The Bucket Ministry – A perspective on Suffering 

Kibera Houses TBM

By Griffin Beth 

Editor’s note: The following is an excerpt from a longer story that is featured at thebucketministry.org. Use the QR code to locate the story online. 

 

Wednesday morning, 4:00 AM. I wake up freezing. A cold film of sweat covers my body. It feels like I slept on a bed of ice chips. I’m shivering violently. I sit up and my clothes hang heavy over my shoulders and around my waist as if I had just stepped out of a pool. Pellets of sweat pour down my face. My mouth smacks of salt. I throw the sheets off and they land with a wet thud on the tile floor. I try to get out of bed, but my legs and arms don’t respond. I collapse back onto the mattress. 

What is happening? 

I desperately try to summon all the strength from whatever hidden reserve I might have in my body, but I now fail to even lift my head from the pillow. A barbed feeling of panic shoots through my stomach. I try to take a breath to calm myself but find I can barely force enough air into my body to remain conscious. It feels like a lead block is sitting on my chest. My throat is so choked from swelling that whatever air I can draw in whistles into and out of my body. My lungs feel deflated. I try to call out to my wife, Sheri, in desperation but nothing—except that sharp whistle—comes out. 

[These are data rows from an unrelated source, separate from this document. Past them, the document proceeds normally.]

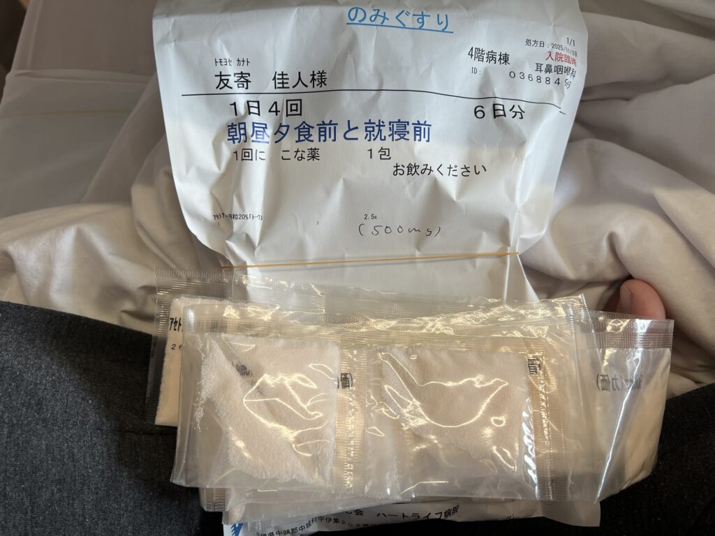 喉の痛み止めの粉薬が頭痛にも効くとのことで、少し早めにお薬摂取。その後すぐ夕飯でした。
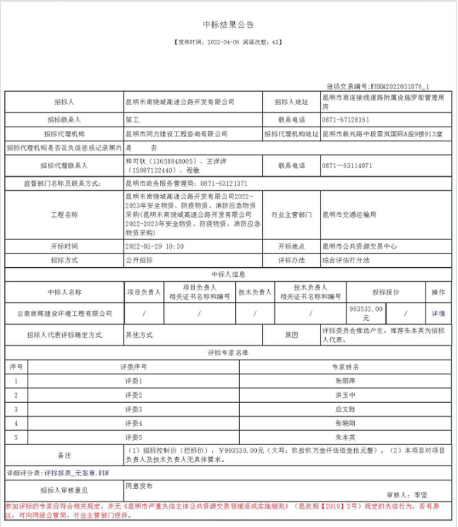 昆明东南绕城高速公路开发有限公司2022-2023年安全物资、防疫物资、消防应急物资采购中标结果公告
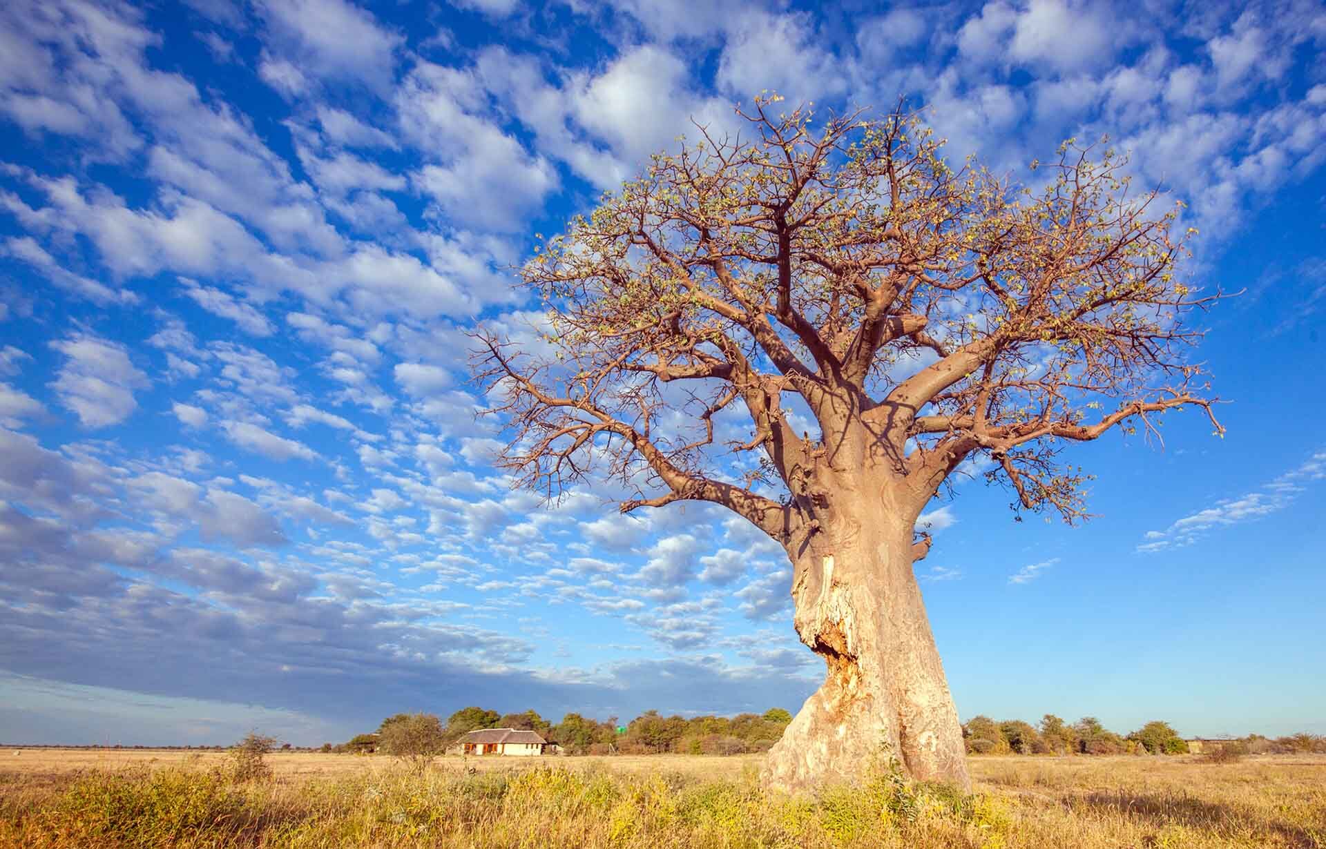Nxai Pan Camp opened in 2009 and today it is the only camp in Nxai Pan National Park that is open all year round. It lies facing to the east, with a view over the open grass covered plains that today cover the fossil lake floor or salt pan, from which it gets its name. This area was once covered by a huge prehistoric lake that once spread over central Botswana.

Somehow, I manage to muster the last vague whispers of strength in my arms to push myself off the bed and onto the floor. I land in a kneeling position with one hand clutching a wet ball of the fitted sheet. Sweat seeps from between my fingers. With no hope otherwise, I turn to God. I pray for breath. I pray for calm. I pray for Sheri to wake up. And, failing those things, I pray for deliverance—that I might soon hear that beautiful phrase: “Well done, my good and faithful servant.” 

Having squared myself with God and made peace with the reality of my fate, I let out one last brittle, broken cry to Sheri. It sounds hoarse, like gas exploding out of a crushed exhaust pipe. With all my energy and strength spent, I fall backwards onto the tile. It feels warm and strangely comforting.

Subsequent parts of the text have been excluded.